Writing nearly fifty years ago, Weizenbaum recognized a risk that feels remarkably similar to the bizarre pass that the Elon Musk techno-spiritual self-enrichment carnival has brought us to. Between the structure of the computer and the fundamental aspects of the human mind, there has always been the potential for the cognitive-spiritual confusion in which we now find ourselves. In a particularly lyrical passage toward the end of “Computer Power,” Weizenbaum gropes for the language to describe the scenario our relationship with science and spirituality now seem to be running into:
“It also used to be said that religion was the opiate of the people. I suppose that saying meant that the people were drugged with visions of the good life that would surely be theirs if they but patiently endured the earthly hell their masters made for them. On the other hand, it may be that religion was not addictive at all. Had it been, perhaps God would not have died and the new rationality would not have won out over grace. But instrumental reason, triumphant technique, and unbridled science are addictive. They create a concrete reality, a self-fulfilling nightmare. The optimistic technologists may yet be right: perhaps we have reached the point of no return. But why is the crew that has taken us this far cheering? Why do the passengers not look up from their games? Finally, now that we and no longer God are playing dice with the universe, how do we keep from coming up craps?”

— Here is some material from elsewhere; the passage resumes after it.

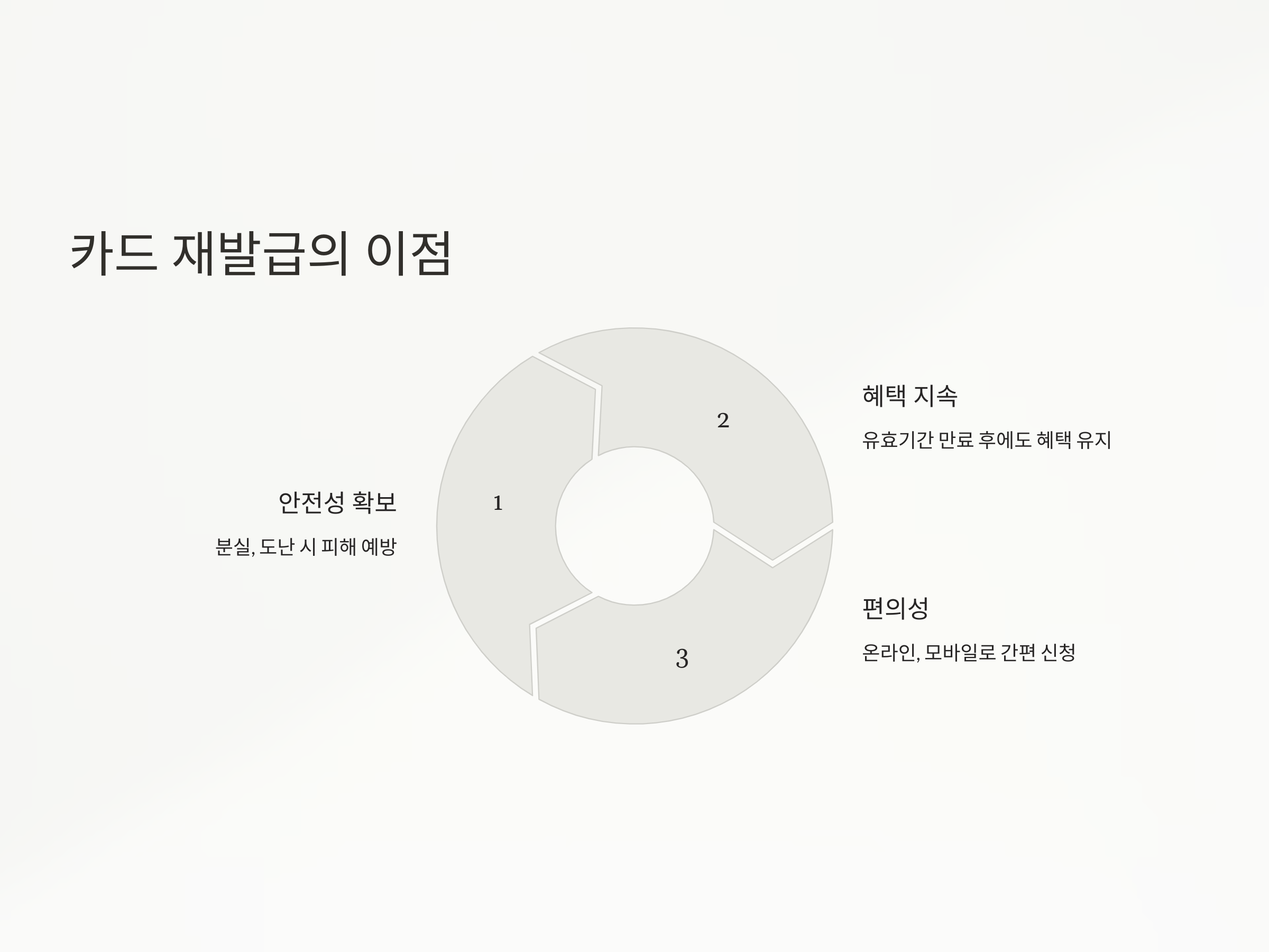 카드를 재발급받는 것에는 여러 가지 이점이 있습니다. 카드 분실이나 도난으로 인한 피해를 예방할 수 있고, 유효기간이 만료된 카드를 계속 사용해야 하는 불편을 없앨 수 있습니다.

Joseph Weizenbaum, Computer Power and Human Reason: From Judgement to Calculation (1976)
At the point that we can no longer distinguish between reason and religion, between sincere belief and cynical fundraising pitch, between humanity and inhumanity, it feels like we’ve reached the point that Weizenbaum was warning about. Either Elon Musk delivers, creates a new God and ushers in the end times, or we have to figure out new ways of relating with technology, spirituality, and our basic humanity. In the space between those outcomes, it just feels like we’ve crapped out.